Specifically, the guidance specifies that the concepts of highest and best use and valuation premise in a fair value measurement are only relevant when measuring the fair value of nonfinancial assets whereas they are not relevant when measuring the fair value of financial assets and liabilities.
Required disclosures are expanded under the new guidance, especially for fair value measurements that are categorized within Level 3 of the fair value hierarchy, for which quantitative information about the unobservable inputs used, and a narrative description of the valuation processes in place and sensitivity of recurring Level 3 measurements to changes in unobservable inputs will be required. Entities will also be required to disclose the categorization by level of the fair value hierarchy for items that are not measured at fair value in the statement of financial position but for which the fair value is required to be disclosed.
ASU 2011-04 is effective for annual periods beginning after December 15, 2011 and is to be applied prospectively. The Fund is currently assessing the impact of this guidance on its financial statements.
The Fund follows the updated provisions surrounding fair value measurements and disclosures on transfers in and out of all levels of the fair value hierarchy on a gross basis and the reasons for the transfers as well as to disclosures about the valuation techniques and inputs used to measure fair value for investments that fall in either Level 2 or Level 3 fair value hierarchy.
For the year ended December 31, 2011, there was no significant transfer activity between Level 1 and Level 2.
For the year ended December 31, 2011, there were no Level 3 investments.

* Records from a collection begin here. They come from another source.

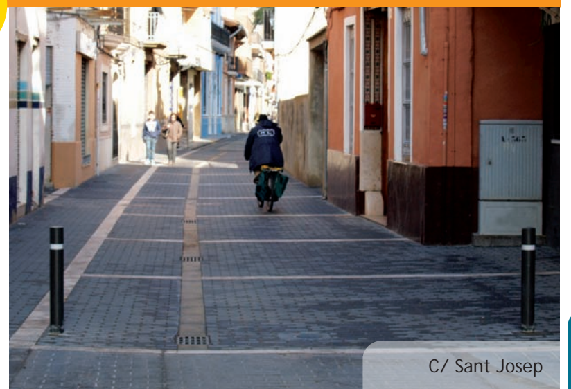
C/ Sant Josep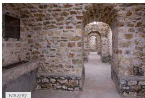
Fort de Saint-Cyr - Cellules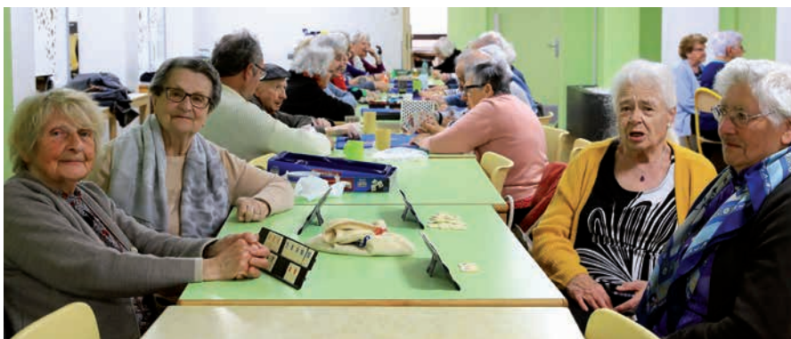
Les adhérents du club « Les fils d'argent » quitteront la maison de la commune pour pique-niquer dans le parc en juillet et en septembre.

Deux sorties « pique-nique » vont être organisées au sein du club « Les fils d'argent ». La première aura lieu le jeudi 27 juillet et la seconde le jeudi 14 septembre. Dans les deux cas, le rendez-vous est donné à l'heure du déjeuner au siège de la pétanque du Pont, au parc municipal.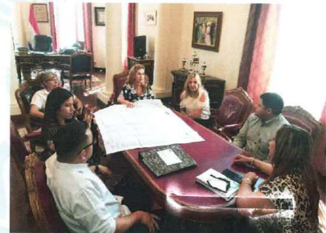
Mesa de trabajo interinstitucional con el INDERT sobre el Barrio Santa Lucía – Distrito de Itakyry – Dpto. de Alto Paraná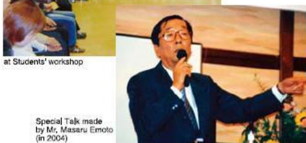
at Students' workshop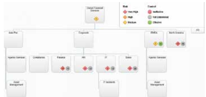
Abbildung 2: Erweiterte Visualisierung: Ganzheitliche Sicht auf Geschäftshierarchien mit visuellen Risikoindikatoren.

Diese Services und Komponenten stellen ein breites Spektrum an Funktionen bereit, die für eine vollständig skalierbare, integrierte Lösung für das Risiko- und Compliance-Management notwendig sind.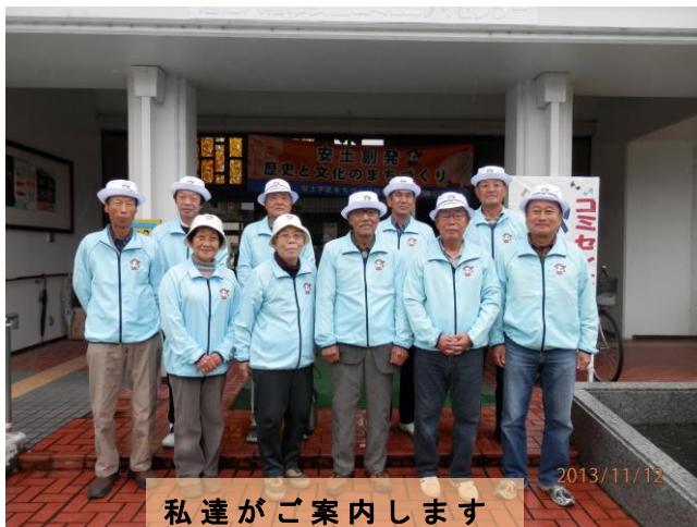
私達のご案内します

JR安土駅→桑實寺→観音寺城跡→観音正寺 → { 三角点→瑠璃石→文芸の郷→JR安土駅 表参道→教林坊→石寺→JR安土駅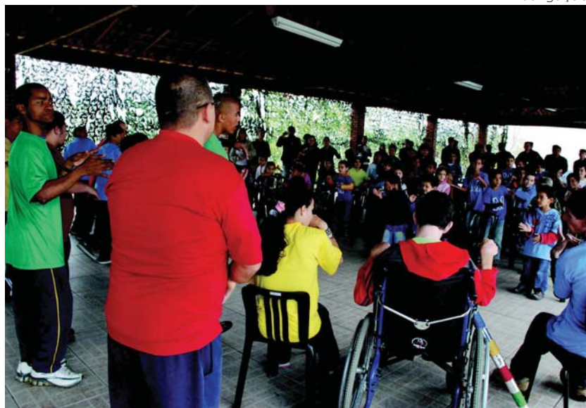
Alunos da Escola Madre Cecília fazem apresentação no CIAvEx

Com essa iniciativa, o CIAvEx e a Ladeira Miranda aderem à "Campanha da Acessibilidade - Siga essa Idéia" do Governo Federal, que visa sensibilizar e mobilizar a sociedade em relação ao respeito às diferenças e aos direitos fundamentais de todas as pessoas, proporcionando a elas o direito da plena utilização dos espaços de uso coletivo, através de melhorias dos acessos a pessoas com deficiência, seja ela física, sensorial (auditiva e vi-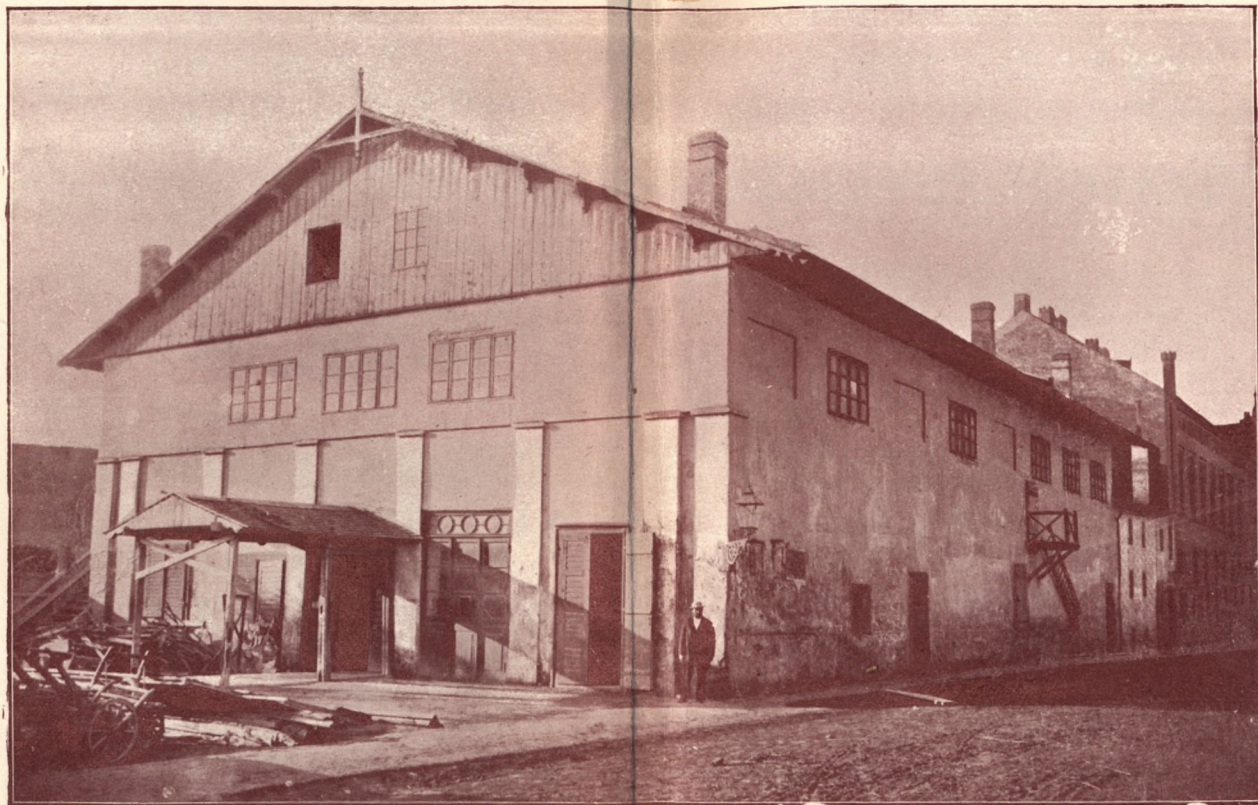
AZ ELSŐ ÖNÁLLÓ SZEGEDI SZÍNHÁZ (1856—1883).

(Az eredeti kép_Szmollény N. birtokában.)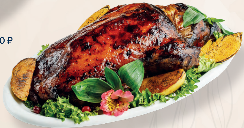
Утка в медово-горчичном маринаде с яблоками, 100 гр | Средний вес блюда 1500 гр

The Schedule of Investments includes a breakdown of the Schedule’s investments by category.
(C) Repurchase Agreements: In connection with transactions in repurchase agreements, the Fund’s custodian takes possession of the underlying collateral securities, the value of which exceeds the principal amount of the repurchase transaction, including accrued interest. To the extent that any repurchase transaction exceeds one business day, it is the Fund’s policy to mark-to-market on a daily basis to ensure the adequacy of the collateral. In the event of default of the obligation to repurchase, the Fund has the right to liquidate the collateral and apply the proceeds in satisfaction of the obligation. Under certain circumstances, in the event of default or bankruptcy by the other party to the agreement, realization and/or retention of the collateral or proceeds may be subject to legal proceedings.

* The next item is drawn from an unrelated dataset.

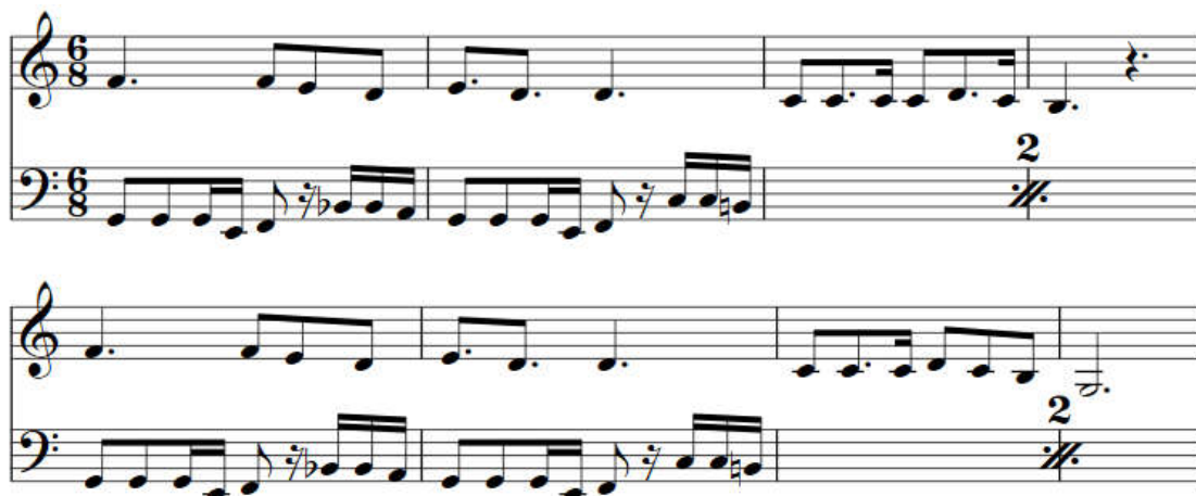
Kuva 8 - Breeders-kappaleen basso- ja kitarariffit

Otin kappaleen nimen samannimiseltä 90-lukulaiselta rock-bändiltä, jonka kappale "Saints" toimi jonkinlaisena alitajuisena inspiraationa kappaletta tehdessä (The Breeders, 1993). "Breeders" pohjautuu vahvaan bassoriffiin, jonka soittamista kitara ja piano vuorottelevat.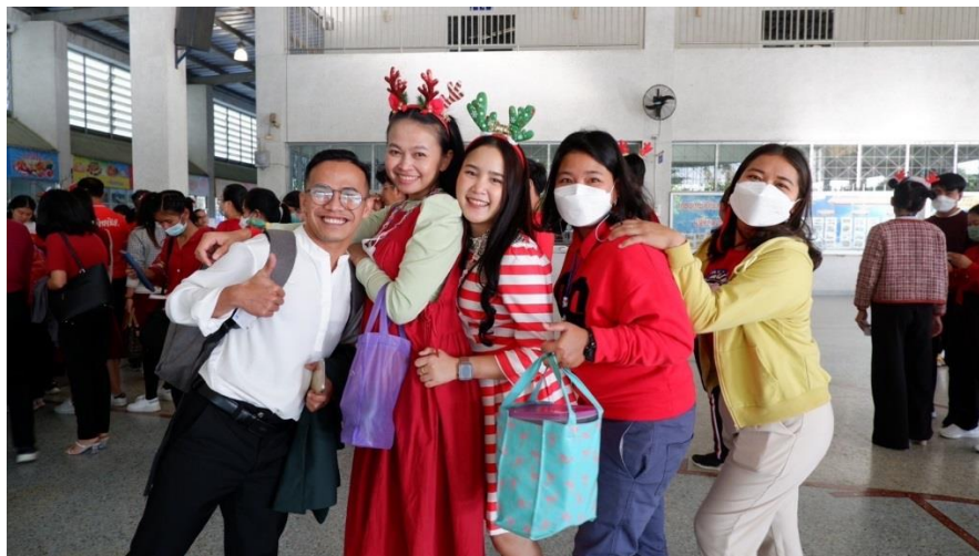
กิจกรรมจับฉลากปีใหม่ที่โรงเรียน

Value Line Larger Companies Fund, Inc.
Notes to Financial Statements |
(D) Federal Income Taxes: It is the policy of the Fund to qualify as a regulated investment company by complying with the provisions available to regulated investment companies, as defined in applicable sections of the Internal Revenue Code, and to distribute all of its investment income and capital gains to its shareholders. Therefore, no provision for federal income tax is required.
Management has analyzed the Fund’s tax positions taken on federal and state income tax returns for all open tax years (fiscal years ended December 31, 2008 through December 31, 2011), and has concluded that no provision for federal or state income tax is required in the Fund’s financial statements. The Fund’s federal and state income tax returns for tax years for which the applicable statutes of limitations have not expired are subject to examination by the Internal Revenue Service and state departments of revenue.

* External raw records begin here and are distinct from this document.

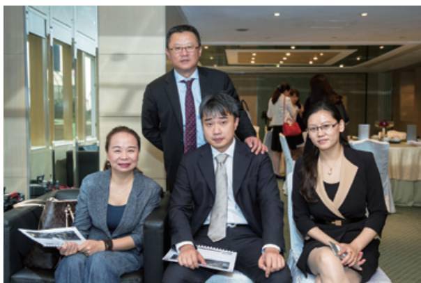
本公司及中合擔保之管理層團隊

二零一四年為本集團至關重要且充滿變數的一年。年內，本集團加大力度探索不同資金來源。本集團的創新及多元化集資工具顯示本集團的努力已得到回報。於二零一四年四月二十三日，本公司完成先舊後新配售事項及發行合共300,000,000股普通股。先舊後新配售事項所得款項為165,000,000港元，及配售有關開支為2,086,000港元，引致現金所得款項淨增加162,914,000港元。於二零一四年十二月，本集團與康宏証券投資服務有限公司訂立配售協議，以於十二個月配售期內安排認購本金總額250,000,000港元的七年期7厘債券。於二零一五年三月，本集團發行人民幣300,000,000元以人民幣計值二零一八年到期的6.5厘優先債券（「該債券」），乃由本公司及第三方擔保人中合中小企業融資擔保股份有限公司（「中合擔保」）共同及個別無條件不可撤回擔保。該債券已於二零一五年三月六日正式於香港聯交所上市。我們相信，本集團是市場上第一家發行上市債券的非銀行金融機構（「非銀行金融機構」）。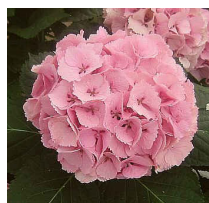
マジカルトパーズ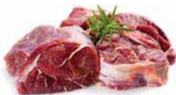
Polpa spalla di bovino adulto Scottona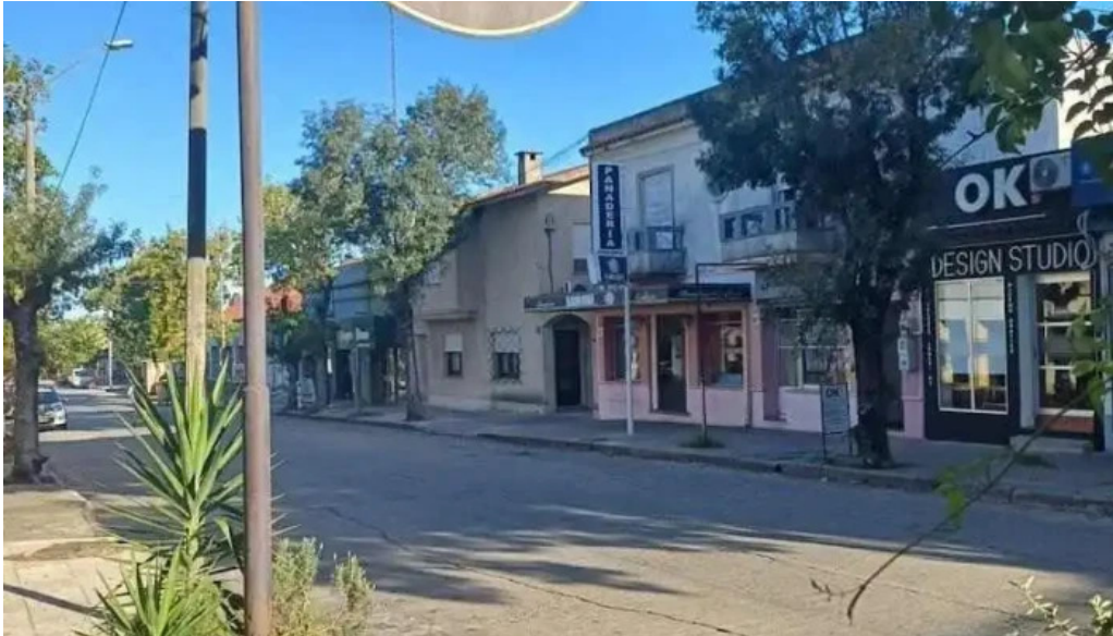
Don juan mas recientes

(E) Security Transactions and Distributions: Security transactions are accounted for on the date the securities are purchased or sold. Interest income is accrued as earned. Realized gains and losses on sales of securities are calculated for financial accounting and federal income tax purposes on the identified cost basis. Dividend income and distributions to shareholders are recorded on the ex-dividend date. Distributions are determined in accordance with income tax regulations, which may differ from generally accepted accounting principles.
(F) Foreign Currency Translation: The books and records of the Fund are maintained in U.S. dollars. Assets and liabilities which are denominated in foreign currencies are translated to U.S. dollars at the prevailing rates of exchange. The Fund does not isolate changes in the value of investments caused by foreign exchange rate differences from the changes due to other circumstances.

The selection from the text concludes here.